Когда я в очередной раз, услышав звук мотора, выглянул из своего укрытия, то наконец-то увидел Михаила Сергеевича. Вот он, сидит за водителем в компании с каким-то молодым чернявым хлыщом , который не умолкал ни на миг, не давая своему собеседнику вставить хоть слово. Не узнать Грушевского было не возможно. Его характерная внешность сразу напомнила мне купюру в пятьдесят гривен. Автомобиль остановился напротив крыльца и пассажиры, не прерывая беседы, медленно пошли к входу. А я, перелетев через дорогу, уже почти подбегал к ним, срезая угол по правому пандусу. Внутри меня, как перед прыжком с парашютом, все напряженно замерло и телом управляло только подсознание. Но тут вдруг строй солдат резко вытянулся с равнением на право, прозвучала команда «Струнко!»,  а из здания буквально выскочил, видимо начальник караула, с саблей на боку и перейдя на строевой шаг вдруг замер в двух метрах от Грушевского, и на украинском языке четко отдал рапорт. Все окружающие, и я в том числе, застыли по команде, наслаждаясь  выучкой и рефлексами молодого офицера. После доклада Грушевский с попутчиком стали заходить во внутрь здания, и я  прибавил скорость и протеревшись между двумя застывшими солдатами, скинул капюшон, уже в холле, с простецким, улыбающимся лицом, как будто встретил наилучшего друга, с каким–то дурацким прибалтийским акцентом произнес:

— Здравствуйте, уважаемый Михаил Сергеевич.

Сказал я и начал движение прямо на него, с главной целью  отсечь сопровождающих, которые уже оказались за моей спиной.
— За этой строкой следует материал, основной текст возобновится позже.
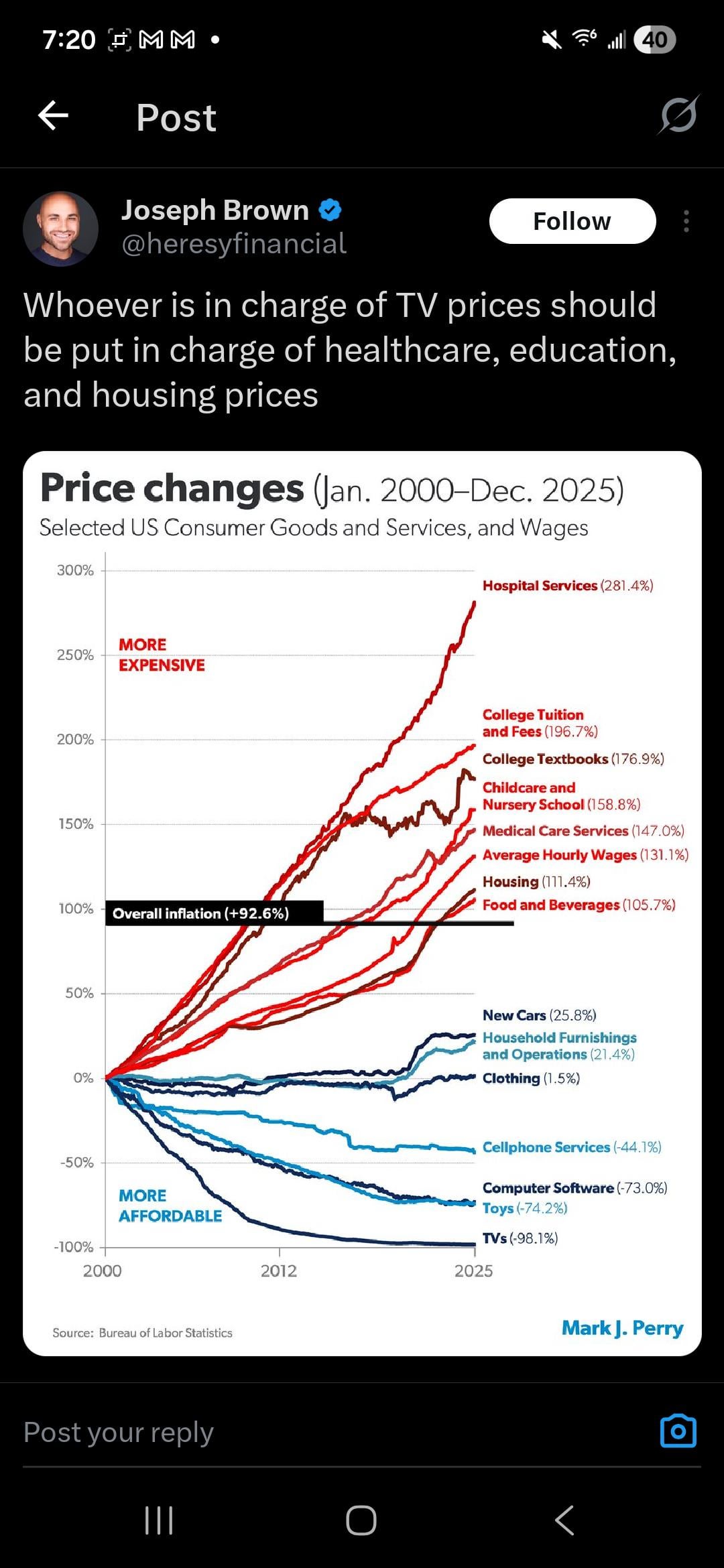 Jokes on us all. The prices will go up bc we dont really build Tvs here, we important them so will catch tariffs. Healthcare is truly domestic but we allowed capitalist to inflate the prices bc we suckers.

Наглость – второе счастье. Мы медленно проходим в глубину помещения а напряжение возрастает.

— У меня для вас такие новости, что я даже боюсь за ваше здоровье. У вас крепкое сердце? - Спросил я доверительным тоном.

Грушевский медленно отступал в холл, сняв свои круглые очки и готовясь их протереть близоруко щурился, но в руках  ничего подходящего не было.